[Assignment] Below are some entries. Transcribe the lines from the one holding "Cama Juvenil Compacta" to the one holding "- 🍀【Versatile Crochet", inclusive, but not the pictures among them.

[Records for processing]
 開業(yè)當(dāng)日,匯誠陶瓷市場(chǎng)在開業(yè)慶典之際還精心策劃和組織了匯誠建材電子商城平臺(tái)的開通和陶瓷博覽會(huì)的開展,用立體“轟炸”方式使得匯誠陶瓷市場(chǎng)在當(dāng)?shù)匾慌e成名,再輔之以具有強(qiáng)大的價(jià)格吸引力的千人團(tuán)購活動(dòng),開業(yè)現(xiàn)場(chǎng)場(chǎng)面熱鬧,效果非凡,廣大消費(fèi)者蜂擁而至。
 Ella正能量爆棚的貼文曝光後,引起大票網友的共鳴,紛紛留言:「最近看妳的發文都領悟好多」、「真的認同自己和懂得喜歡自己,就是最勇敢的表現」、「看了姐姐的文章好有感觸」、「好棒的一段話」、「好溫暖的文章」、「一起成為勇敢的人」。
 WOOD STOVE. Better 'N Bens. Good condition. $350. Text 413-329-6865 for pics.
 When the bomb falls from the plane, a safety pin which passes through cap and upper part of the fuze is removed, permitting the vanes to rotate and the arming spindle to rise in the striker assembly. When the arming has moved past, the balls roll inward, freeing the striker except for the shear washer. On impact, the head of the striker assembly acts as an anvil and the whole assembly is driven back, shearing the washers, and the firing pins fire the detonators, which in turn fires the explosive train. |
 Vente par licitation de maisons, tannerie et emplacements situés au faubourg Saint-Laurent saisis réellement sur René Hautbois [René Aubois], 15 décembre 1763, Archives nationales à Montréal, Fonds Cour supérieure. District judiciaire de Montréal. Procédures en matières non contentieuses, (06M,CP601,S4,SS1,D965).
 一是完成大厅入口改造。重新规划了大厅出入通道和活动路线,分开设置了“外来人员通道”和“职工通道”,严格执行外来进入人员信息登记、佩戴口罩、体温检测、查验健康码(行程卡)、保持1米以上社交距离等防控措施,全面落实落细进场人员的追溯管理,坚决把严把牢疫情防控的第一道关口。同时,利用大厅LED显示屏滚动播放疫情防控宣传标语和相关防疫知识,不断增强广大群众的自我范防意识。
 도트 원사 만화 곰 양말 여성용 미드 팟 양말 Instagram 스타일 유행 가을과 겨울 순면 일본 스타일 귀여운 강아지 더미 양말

...

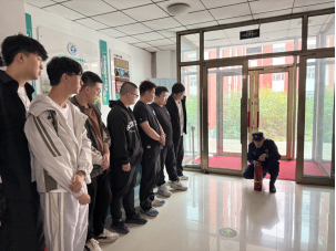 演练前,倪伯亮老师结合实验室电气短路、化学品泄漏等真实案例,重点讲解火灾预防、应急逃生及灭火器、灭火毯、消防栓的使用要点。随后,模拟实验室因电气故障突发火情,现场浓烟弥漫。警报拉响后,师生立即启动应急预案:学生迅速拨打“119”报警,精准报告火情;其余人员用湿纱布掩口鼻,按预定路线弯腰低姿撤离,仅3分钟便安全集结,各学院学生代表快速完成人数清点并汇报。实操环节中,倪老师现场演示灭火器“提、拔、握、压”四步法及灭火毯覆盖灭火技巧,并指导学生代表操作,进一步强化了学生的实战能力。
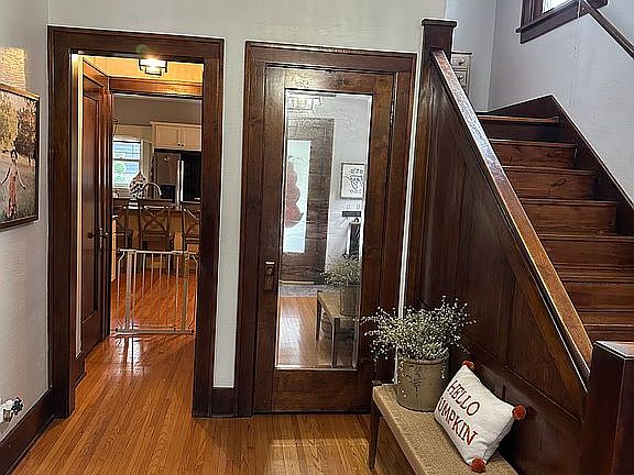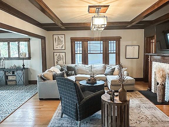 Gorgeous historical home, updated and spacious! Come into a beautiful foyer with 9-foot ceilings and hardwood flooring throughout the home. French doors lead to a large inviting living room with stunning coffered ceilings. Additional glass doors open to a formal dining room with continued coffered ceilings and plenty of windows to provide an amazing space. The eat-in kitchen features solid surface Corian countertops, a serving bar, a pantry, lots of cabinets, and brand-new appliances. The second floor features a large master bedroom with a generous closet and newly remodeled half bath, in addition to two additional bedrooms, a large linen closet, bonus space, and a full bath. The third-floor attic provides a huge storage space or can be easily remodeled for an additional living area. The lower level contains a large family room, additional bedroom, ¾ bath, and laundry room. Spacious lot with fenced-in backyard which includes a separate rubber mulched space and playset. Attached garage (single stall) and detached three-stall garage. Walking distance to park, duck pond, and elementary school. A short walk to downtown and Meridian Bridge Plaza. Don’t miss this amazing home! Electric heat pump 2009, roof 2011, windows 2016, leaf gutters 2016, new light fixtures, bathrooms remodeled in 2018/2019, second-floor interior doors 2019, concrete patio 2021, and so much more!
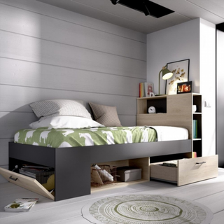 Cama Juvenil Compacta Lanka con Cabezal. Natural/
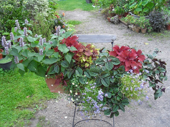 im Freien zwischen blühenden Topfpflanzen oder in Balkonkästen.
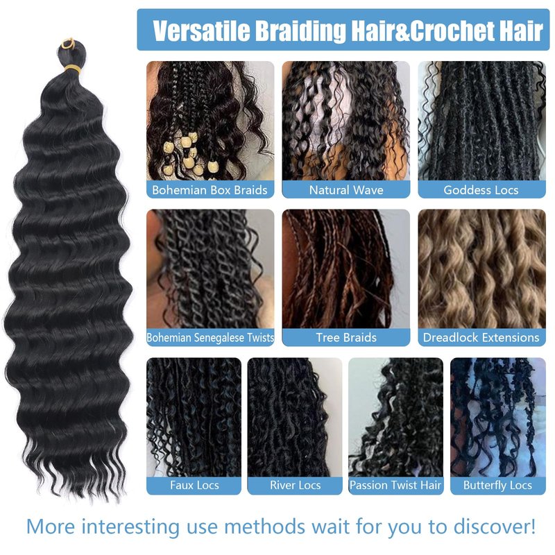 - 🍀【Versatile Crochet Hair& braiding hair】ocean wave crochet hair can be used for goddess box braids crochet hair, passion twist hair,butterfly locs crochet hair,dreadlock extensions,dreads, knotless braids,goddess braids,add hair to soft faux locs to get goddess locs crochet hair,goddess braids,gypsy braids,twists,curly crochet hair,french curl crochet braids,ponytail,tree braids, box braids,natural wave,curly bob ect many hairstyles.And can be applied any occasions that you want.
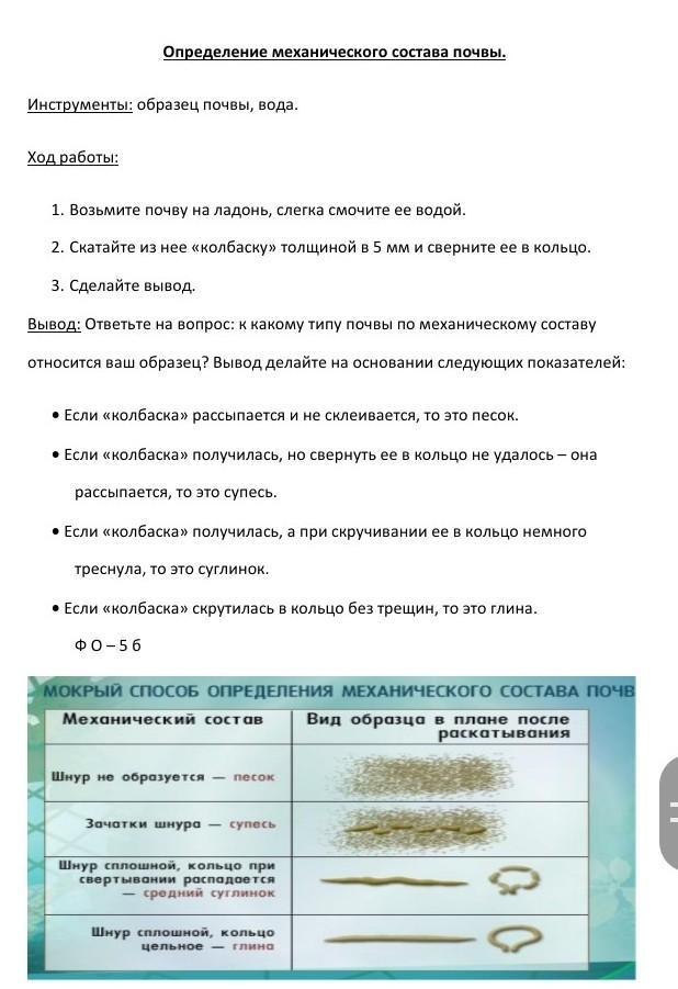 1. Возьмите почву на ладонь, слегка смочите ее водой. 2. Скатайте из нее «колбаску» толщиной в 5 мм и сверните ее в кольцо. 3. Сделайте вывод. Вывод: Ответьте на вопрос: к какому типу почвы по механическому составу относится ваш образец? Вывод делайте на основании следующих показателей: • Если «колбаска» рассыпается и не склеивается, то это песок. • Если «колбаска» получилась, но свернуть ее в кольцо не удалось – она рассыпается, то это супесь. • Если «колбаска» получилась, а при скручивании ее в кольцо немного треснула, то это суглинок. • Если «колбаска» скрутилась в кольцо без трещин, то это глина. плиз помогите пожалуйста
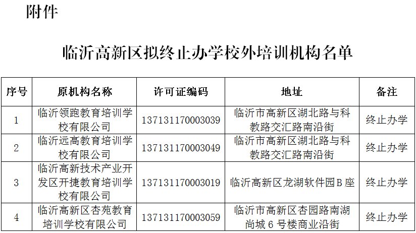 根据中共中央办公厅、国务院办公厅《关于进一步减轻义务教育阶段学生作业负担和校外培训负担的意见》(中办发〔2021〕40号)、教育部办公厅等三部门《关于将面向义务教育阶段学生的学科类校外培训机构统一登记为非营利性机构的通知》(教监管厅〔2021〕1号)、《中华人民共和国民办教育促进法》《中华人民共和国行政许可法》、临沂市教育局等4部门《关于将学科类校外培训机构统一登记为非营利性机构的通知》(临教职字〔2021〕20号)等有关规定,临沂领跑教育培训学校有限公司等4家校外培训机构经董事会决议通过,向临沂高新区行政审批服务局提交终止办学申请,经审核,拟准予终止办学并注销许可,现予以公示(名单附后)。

---

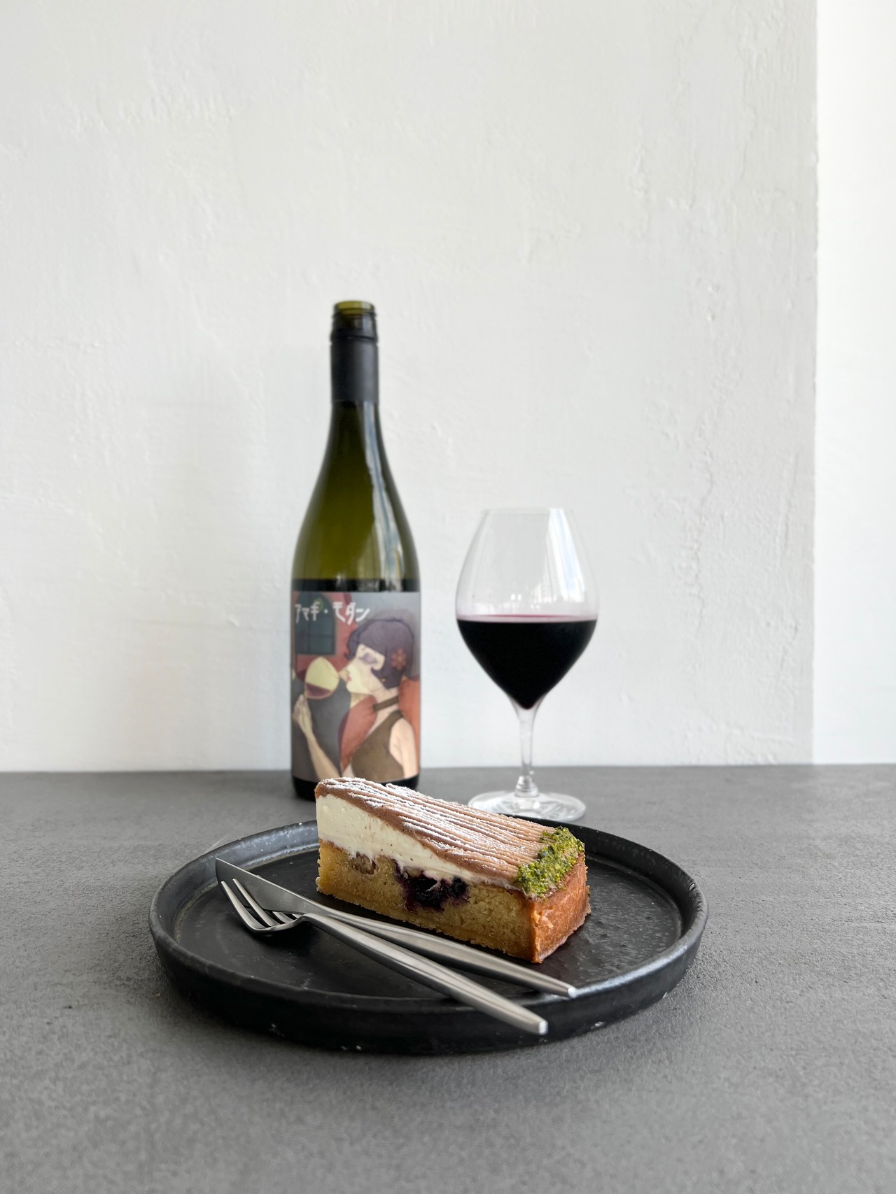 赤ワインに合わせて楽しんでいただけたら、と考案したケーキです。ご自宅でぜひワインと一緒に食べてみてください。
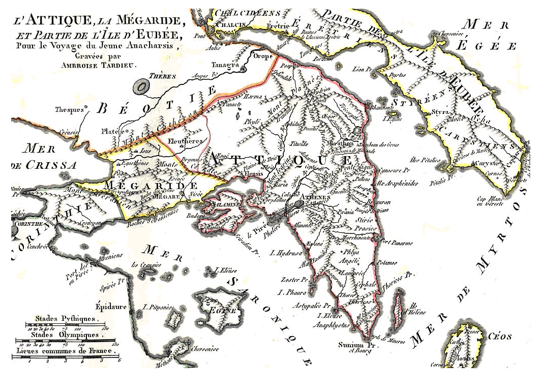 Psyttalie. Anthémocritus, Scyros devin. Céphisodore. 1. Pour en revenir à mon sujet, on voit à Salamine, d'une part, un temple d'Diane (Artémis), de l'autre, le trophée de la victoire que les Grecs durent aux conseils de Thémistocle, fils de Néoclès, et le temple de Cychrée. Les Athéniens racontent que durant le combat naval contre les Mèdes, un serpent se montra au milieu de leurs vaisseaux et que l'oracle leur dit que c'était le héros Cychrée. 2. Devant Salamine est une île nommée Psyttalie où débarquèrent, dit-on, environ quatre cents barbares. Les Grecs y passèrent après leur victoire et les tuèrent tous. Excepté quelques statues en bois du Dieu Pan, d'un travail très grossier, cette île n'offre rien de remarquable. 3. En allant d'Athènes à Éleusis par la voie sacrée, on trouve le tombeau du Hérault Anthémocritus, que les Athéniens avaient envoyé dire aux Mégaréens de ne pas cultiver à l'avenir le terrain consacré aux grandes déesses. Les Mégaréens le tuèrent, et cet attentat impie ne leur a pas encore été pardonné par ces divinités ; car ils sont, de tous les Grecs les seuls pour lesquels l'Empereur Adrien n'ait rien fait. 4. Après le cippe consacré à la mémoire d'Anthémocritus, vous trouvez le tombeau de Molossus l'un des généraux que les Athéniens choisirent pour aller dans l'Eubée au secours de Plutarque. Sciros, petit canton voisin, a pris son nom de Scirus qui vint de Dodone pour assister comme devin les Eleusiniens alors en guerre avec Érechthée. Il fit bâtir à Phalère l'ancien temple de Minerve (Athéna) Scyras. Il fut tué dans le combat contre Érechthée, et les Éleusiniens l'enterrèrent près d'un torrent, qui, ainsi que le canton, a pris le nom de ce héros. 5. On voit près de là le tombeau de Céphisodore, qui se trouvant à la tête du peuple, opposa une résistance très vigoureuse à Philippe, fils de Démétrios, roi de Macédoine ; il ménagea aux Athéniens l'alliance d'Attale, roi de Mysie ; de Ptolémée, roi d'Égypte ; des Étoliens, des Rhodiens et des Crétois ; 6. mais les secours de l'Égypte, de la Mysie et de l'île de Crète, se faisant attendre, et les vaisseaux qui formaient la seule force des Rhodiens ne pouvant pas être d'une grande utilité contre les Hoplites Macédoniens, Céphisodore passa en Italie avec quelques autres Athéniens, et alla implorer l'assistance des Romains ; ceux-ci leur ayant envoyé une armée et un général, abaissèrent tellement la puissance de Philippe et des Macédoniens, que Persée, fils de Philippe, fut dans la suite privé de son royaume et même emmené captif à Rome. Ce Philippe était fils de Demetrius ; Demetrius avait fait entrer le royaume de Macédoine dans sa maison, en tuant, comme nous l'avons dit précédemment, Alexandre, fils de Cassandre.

[Reply]
 Cama Juvenil Compacta Lanka con Cabezal. Natural/
 im Freien zwischen blühenden Topfpflanzen oder in Balkonkästen.
 - 🍀【Versatile Crochet Hair& braiding hair】ocean wave crochet hair can be used for goddess box braids crochet hair, passion twist hair,butterfly locs crochet hair,dreadlock extensions,dreads, knotless braids,goddess braids,add hair to soft faux locs to get goddess locs crochet hair,goddess braids,gypsy braids,twists,curly crochet hair,french curl crochet braids,ponytail,tree braids, box braids,natural wave,curly bob ect many hairstyles.And can be applied any occasions that you want.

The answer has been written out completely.